== Material supplied ==
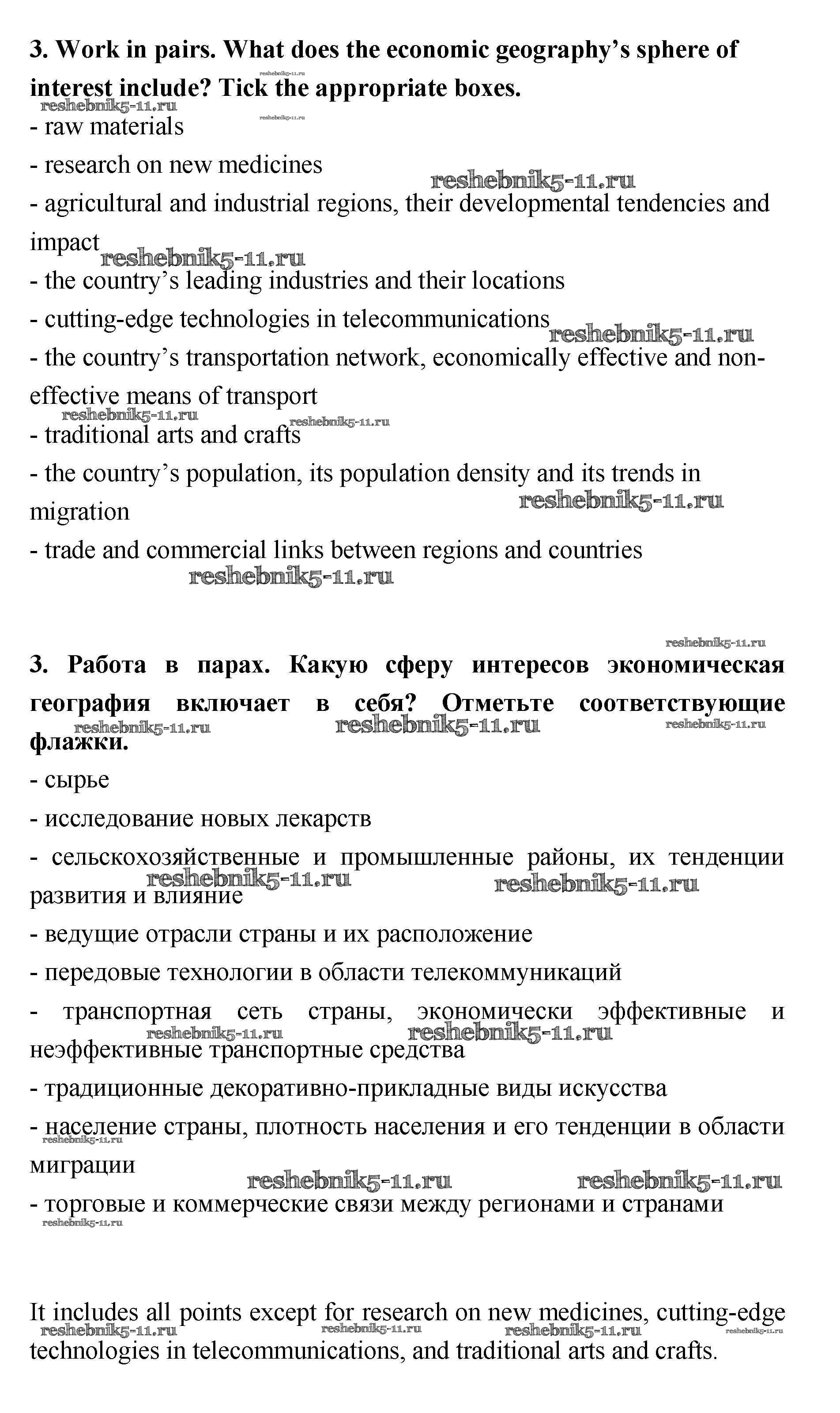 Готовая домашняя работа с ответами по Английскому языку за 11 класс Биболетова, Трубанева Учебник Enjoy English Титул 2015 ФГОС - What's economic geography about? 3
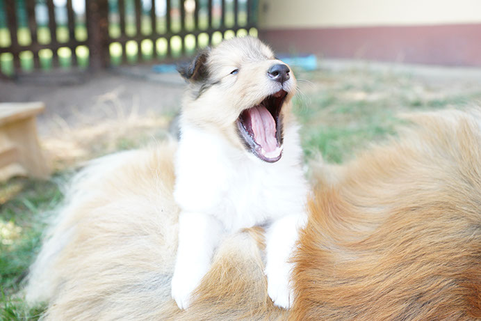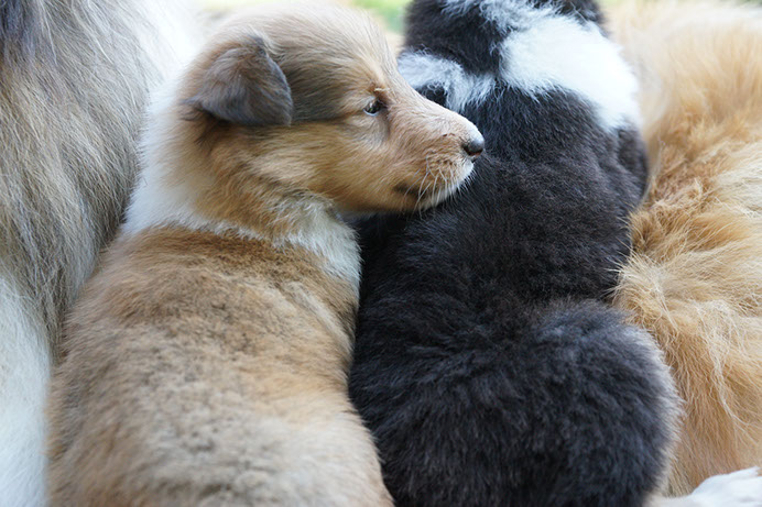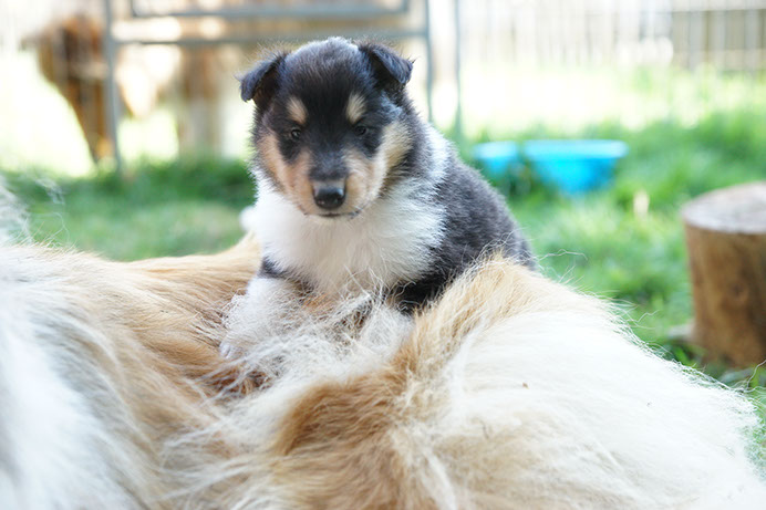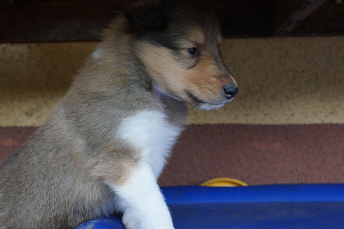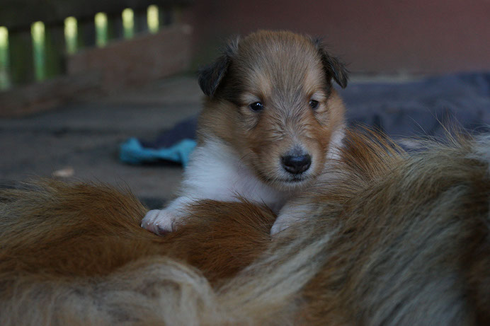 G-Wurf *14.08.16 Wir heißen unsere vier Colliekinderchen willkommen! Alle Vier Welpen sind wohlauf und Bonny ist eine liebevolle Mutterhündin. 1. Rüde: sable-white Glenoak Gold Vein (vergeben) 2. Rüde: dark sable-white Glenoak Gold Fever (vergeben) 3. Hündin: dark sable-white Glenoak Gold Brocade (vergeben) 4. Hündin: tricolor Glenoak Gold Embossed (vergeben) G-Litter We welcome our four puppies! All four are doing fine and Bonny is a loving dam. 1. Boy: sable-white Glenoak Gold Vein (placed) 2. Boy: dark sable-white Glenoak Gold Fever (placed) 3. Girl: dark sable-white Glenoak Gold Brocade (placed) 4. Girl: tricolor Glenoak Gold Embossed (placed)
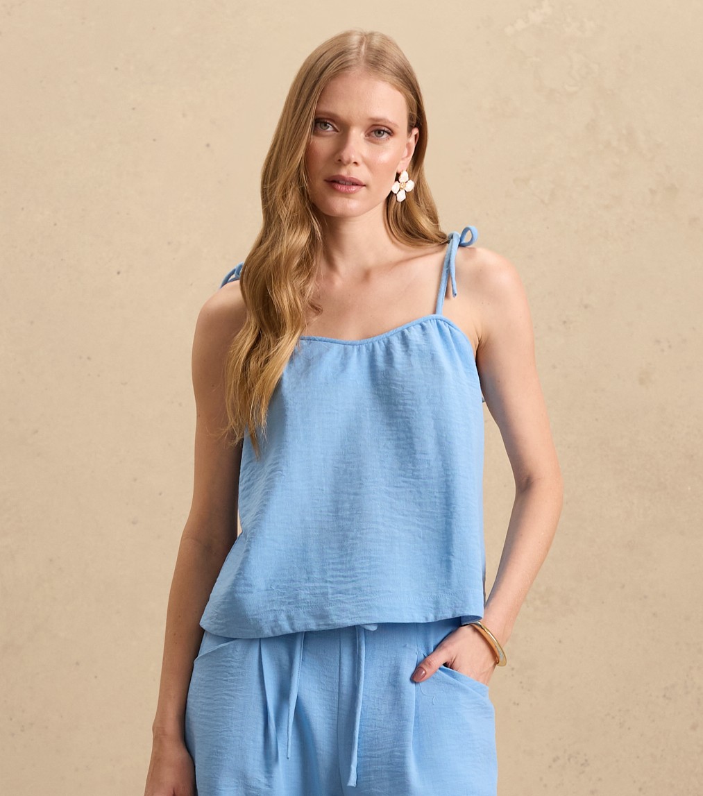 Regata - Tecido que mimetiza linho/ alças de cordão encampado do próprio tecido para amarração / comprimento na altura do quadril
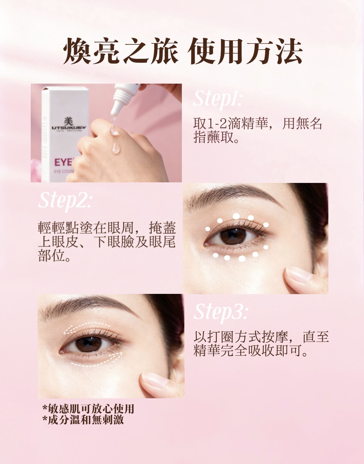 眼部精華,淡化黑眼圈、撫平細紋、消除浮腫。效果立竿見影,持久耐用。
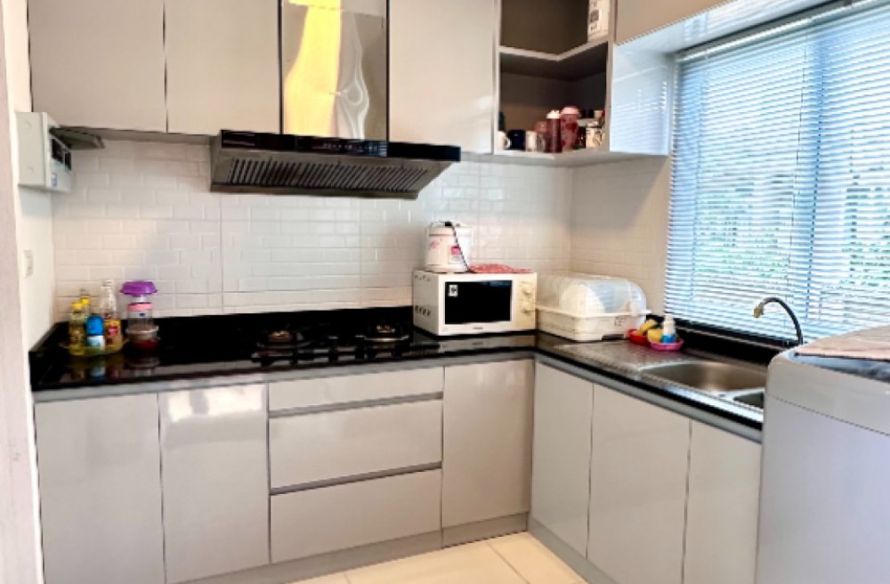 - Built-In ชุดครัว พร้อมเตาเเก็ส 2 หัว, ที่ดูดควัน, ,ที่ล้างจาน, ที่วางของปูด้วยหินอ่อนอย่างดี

---

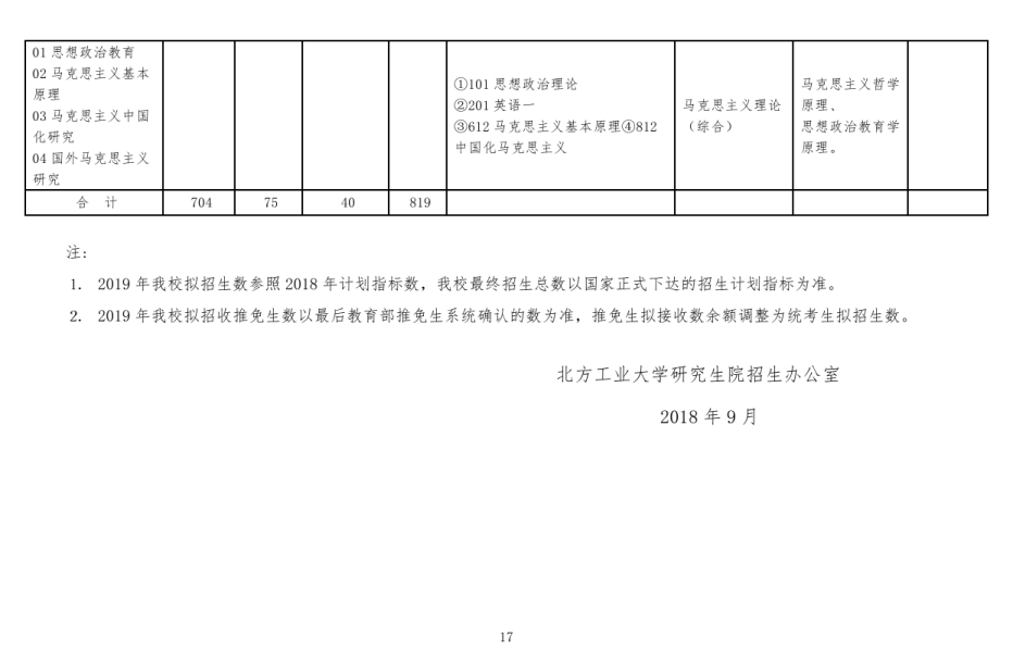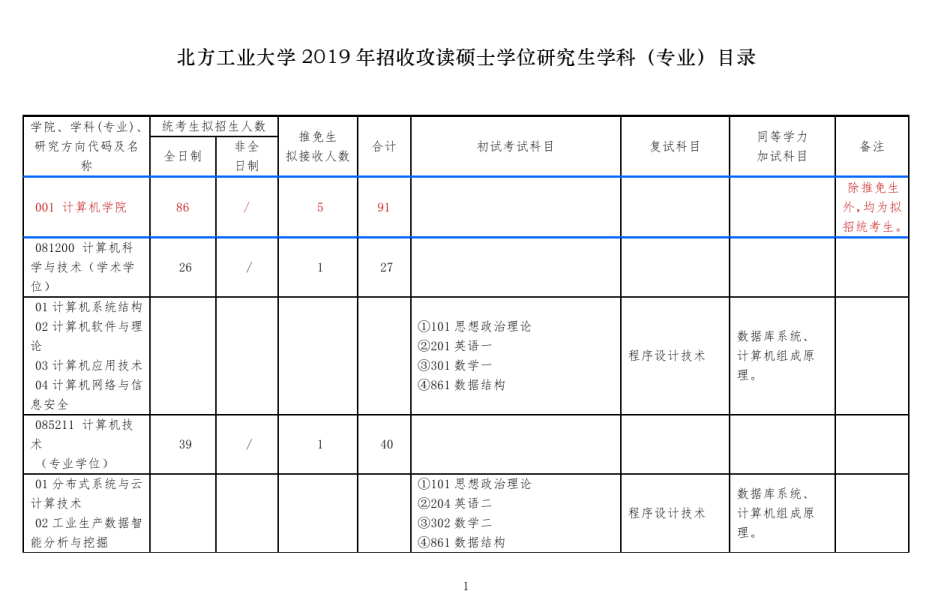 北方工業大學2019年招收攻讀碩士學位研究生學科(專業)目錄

== Task details ==
In the listing above, find the line containing "Regata - Tecido" and the line containing "- Built-In ชุดครัว". Reproduce those lines and all between them exactly, with no pictures and nothing more.

== Result ==
 Regata - Tecido que mimetiza linho/ alças de cordão encampado do próprio tecido para amarração / comprimento na altura do quadril
 眼部精華,淡化黑眼圈、撫平細紋、消除浮腫。效果立竿見影,持久耐用。
 - Built-In ชุดครัว พร้อมเตาเเก็ส 2 หัว, ที่ดูดควัน, ,ที่ล้างจาน, ที่วางของปูด้วยหินอ่อนอย่างดี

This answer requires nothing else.